As we were sketching, Crummy announced that Ice Age Art exhibition curator Jill Cook had dropped by to say hi and check on our progress. When I looked up, she was directly over my right shoulder, smiling happily at my sad little piece of work, and I was reminded of the time I eagerly agreed to sing backup during my friend’s gig at the 40 Watt only to later discover that Michael Stipe was in the audience.[1]  Cook said she was “admiring everyone’s achievements” and proceeded to make her way around the room, engaging with the attendees. I thought that was pretty awesome. (FYI, Michael was nice, too. Also awesome.)

Once we’d finished our pencil drawings, it was time to ink them.
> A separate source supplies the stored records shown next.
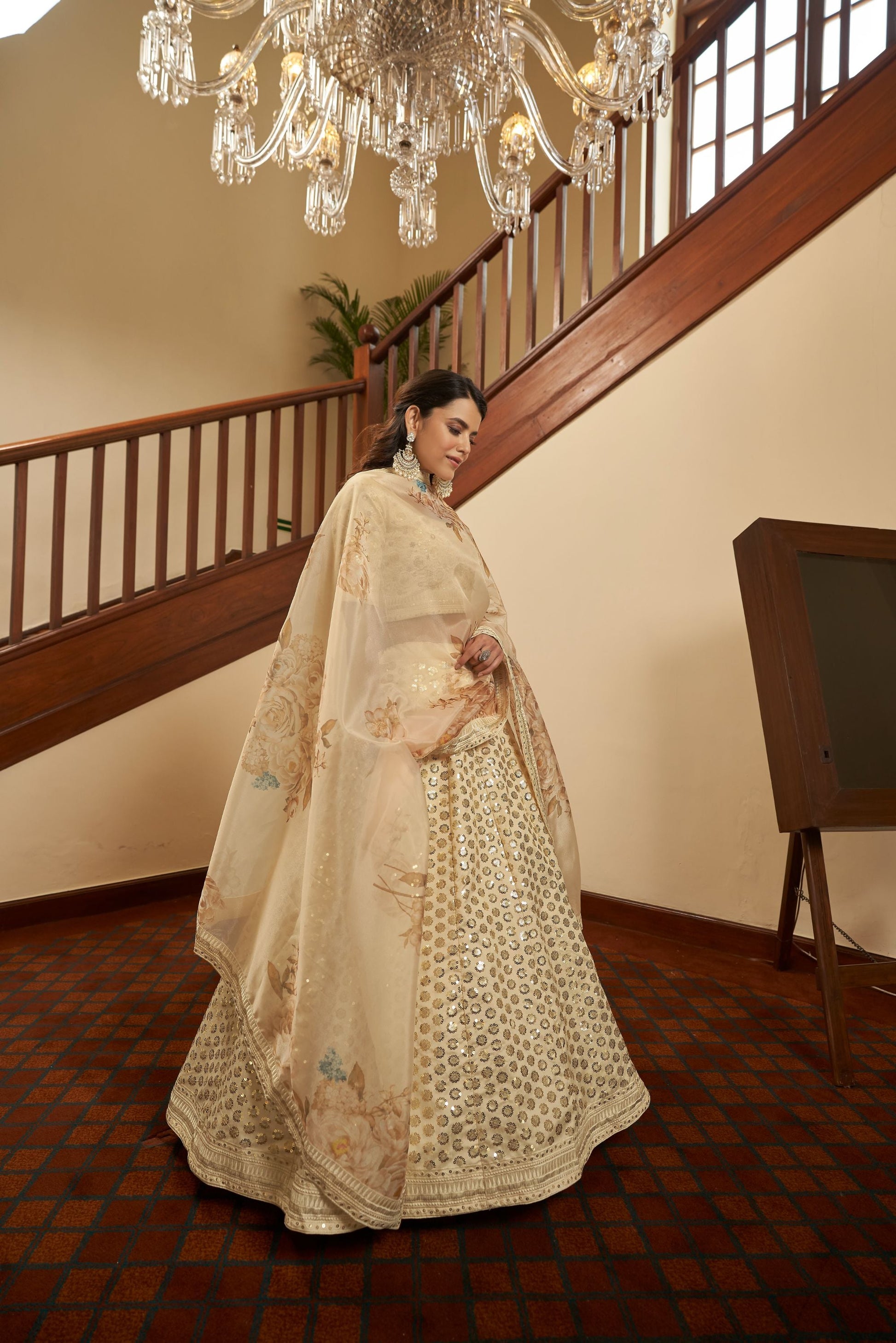 Looking for a lehenga that is both traditional and modern? Look no further than this beige art silk lehenga! The beautiful art silk fabric is adorned with intricate embroidery in a classic beige hue. The lehenga comes with a matching dupatta and blouse, making it a complete ensemble.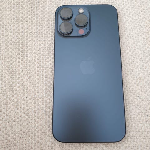 Apple iPhone 17 Pro Max smartphone med 256 GB intern lagring. Modellen har en blå finish och är utrustad med trippelkamera på baksidan samt skärm med rundade hörn och kamerahål upptill på framsidan.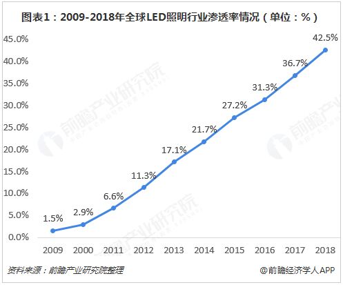 圖表1:2009-2018年全球LED照明行業(yè)滲透率情況(單位:%)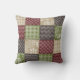 Maroon, Brown, Tan & Green Quilt Look Kissen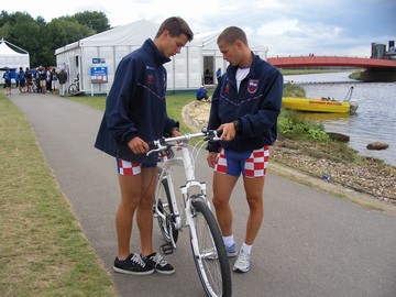 Luka i Krešo proučavaju službeni bicikl namijenjen trenerima |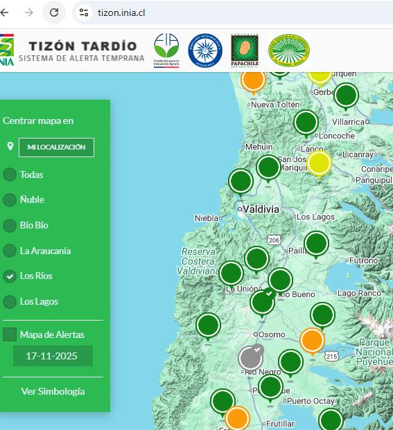 Las plantaciones del cultivo de papa ya están terminando. En la Región de Los Ríos la primavera ha sido favorable para esta labor, con condiciones ambientales cercanas a un año normal para precipitaciones y temperaturas. Estas condiciones permitieron realizar las preparaciones de suelo y las plantaciones sin inconveniente. Sin embargo, se han presentado algunos eventos de precipitaciones abundantes en poco tiempo y presencia de granizos en algunos sectores. Esta situación no causó daño importante, ya que las plantas aún están emergiendo o aún no lo hacen. En algunas plantaciones realizadas muy temprano, las plantas estaban más grandes, pero no se detectó un daño importante en las plantas. Las condiciones ambientales con alta humedad relativa y temperaturas moderadas podrían ser favorables para la presencia de tizón tardío (Phytophthora infestans) en las plantas, especialmente esta temporada, dado que quedó superficie de papa sin cosechar de la temporada pasada dado los bajos precios de las papas. Esta situación involucra un alto riesgo, ya que la presencia de papas voluntarias aumenta las fuentes de inóculo de este patógeno y de otros. Para un buen manejo preventivo de esta enfermedad se recomienda visitar la plataforma https//tizon.inia.cl, donde se puede encontrar la situación de riesgo para la presencia de tizón tardío.

There were various possibilities. You could ink directly on your pencil drawing, which is what the pros usually do, or you can ink the drawing on tracing paper, which allows you to preserve your original work in the event you screw up with the ink. I decided I’d best go with the tracing paper.

We also had a choice of using a dip pen or a felt-tip, and Williams encouraged me to try the dip pen, saying that tool allows a really good variation in line width, enabling you to show the variations in the original carving.

Yeah. So, my lines all kinda came out the same.




Williams suggested I try again with the felt pen, saying it allows a really good variation in line width, enabling you to show the variations in the original carving. ;-)

Again, my skills confounded the capabilities of the tool. And this time I got streak marks, too!



Nevertheless, Williams offered a generous assessment of my work, saying that it did “exactly what it needed to do,” giving an accurate representation of the carving on the original.



OK, so my drawings weren’t so great, but emotionally speaking, I seemed to have a much easier time than the artists in the room. Many of them complained that this utilitarian style of drawing kept them from producing things as beautiful as they would have liked. Fortunately, I had no such problem.

So, I’d call my first experience with a British Museum workshop a success. I had a great time and learned a lot, and now I’m eager to try out others. There are two additional Ice Age Art-themed workshops coming up,[2] though I wasn’t quick enough to secure a spot in either. Maybe I’ll try my hand at the mosaic workshop being run in conjunction with the Life and Death: Pompeii and Herculaneum exhibition opening March 28.

Oh my gosh! Pompeii is only a month away!? Best. Spring. EVER!


[1] For what it’s worth, “sing backup” is an enormously liberal description of my duties. My only job was to talk/sing “Ah, ah, I am a bug. Ah, ah, I AM A BUG!” at one point during a single song. But I promise you, dear reader, that I did so with all the passion and enthusiasm that such a line deserves.

[2] Just as an aside, is anyone else confused by the upcoming Ice Age Art Mammoth Ivory Carving Workshop? I mean, if I’ve learned anything from years of watching the American version of Antiques Roadshow, it’s that the modern ivory trade is legally dubious at best, so what’s the deal?  If I made something there, could I even take it back to the States? Where did they come up with piles of “real piece[s] of mammoth ivory”? And even assuming there are exemptions for scholarship, how does one become a master ivory carver these days?  I honestly thought about plunking down my 35 quid and dragging my artistically talentless self to the workshop just so I could ask this stuff, but it sold out before I made up my mind, so we may never know.